References 1. https://www.pharmacytimes.com/view/tips-tricks-for-staying-up-to-date-with-medical-literature-guidelines-as-a-busy-pharmacist 2. https://ncses.nsf.gov/pubs/nsb202333/publication-output-by-region-country-or-economy-and-by-scientific-field
3. Riley SP, Flowers DW, Swanson BT, Shaffer SM, Cook CE, Brismée JM. ‘Trustworthy’ systematic reviews can only result in meaningful conclusions if the quality of randomized clinical trials and the certainty of evidence improves: an update on the ‘trustworthy’ living systematic review project. J Man Manip Ther. 2024 Aug;32(4):363-367.
4. Flowers DW, Swanson BT, Shaffer SM, Clewley DJ, Riley SP. Is there ‘trustworthy’ evidence for using manual therapy to treat patients with shoulder dysfunction?: A systematic review. PLoS One. 2024 Jan 18;19(1):e0297234.
5. Riley SP, Swanson BT, Shaffer SM, Flowers DW, Cook CE, Brismée JM. Why do ‘Trustworthy’ Living Systematic Reviews Matter? J Man Manip Ther. 2023 Aug;31(4):215-219.

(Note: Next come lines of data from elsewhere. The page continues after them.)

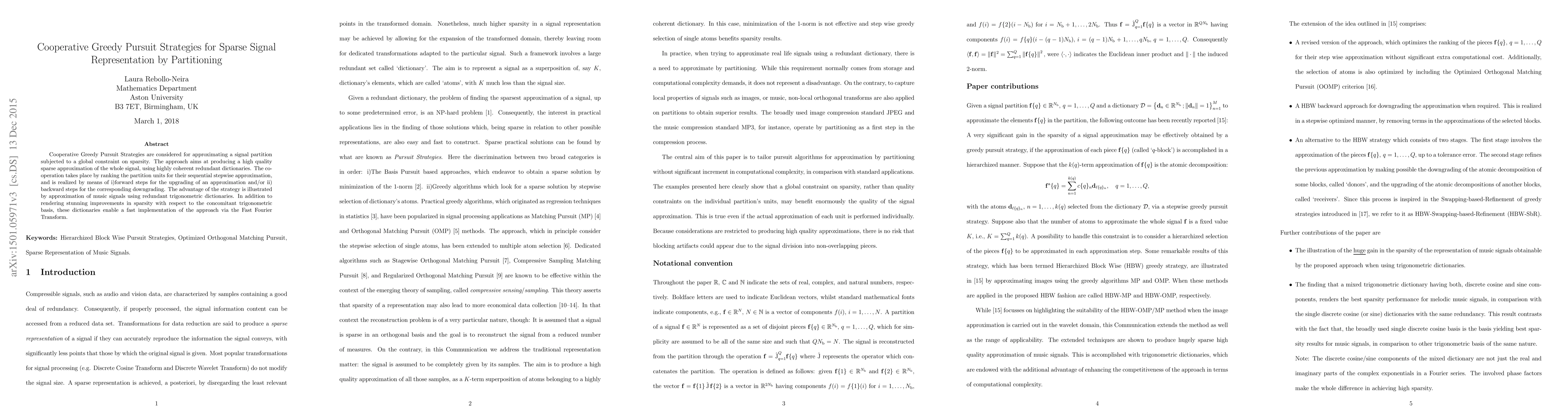 This paper proposes cooperative greedy pursuit strategies for sparse signal representation by partitioning, utilizing redundant dictionaries to achieve high-quality approximations under global sparsity constraints. The method employs forward and backward steps for sequential approximation, demonstrating significant improvements in sparsity and computational efficiency for music signals using trigonometric dictionaries.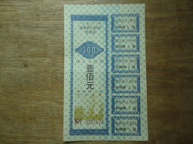 91年江门市建筑侨汇材料供应证--面值:壹佰元--盖章:中国银行开平支行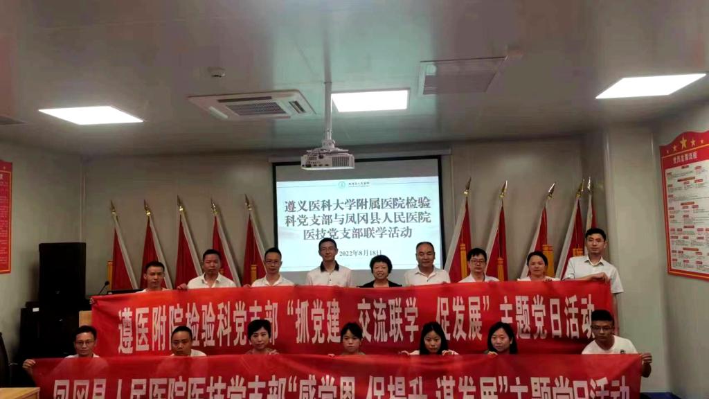 2022年8月17日至19日,太阳成tyc122cc集团附属医院检验科党支部依托区域检验专科联盟与余庆、凤冈、湄潭县人民医院开展“抓党建、交流联学、促发展”主题党日跨单位联学活动。遵医附院检验科党支部书记陈泽慧教授主持活动。

6. Kalaycioglu I, Rioux B, Briard JN, Nehme A, Touma L, Dansereau B, Veilleux-Carpentier A, Keezer MR. Inter-rater reliability of risk of bias tools for non-randomized studies. Syst Rev. 2023 Dec 7;12(1):227.
7. Jüni P, Witschi A, Bloch R, Egger M. The Hazards of Scoring the Quality of Clinical Trials for Meta-analysis. JAMA. 1999;282(11):1054–1060. doi:10.1001/jama.282.11.1054.
8. Checklists for systematic reviews and research synthesis. https://jbi.global/sites/default/files/2020-08/Checklist_for_Systematic_Reviews_and_Research_Syntheses.pdf
9. Higgins JPT, Altman DG, Sterne JAC (editors). Chapter 8: https://training.cochrane.org/handbook/current/chapter-08
10. Assessing risk of bias in included studies. In: Higgins JPT, Churchill R, Chandler J, Cumpston MS (editors), Cochrane Handbook for Systematic Reviews of Interventions version 5.2.0 (updated June 2017), Cochrane, 2017. Available from www.training.cochrane.org/handbook.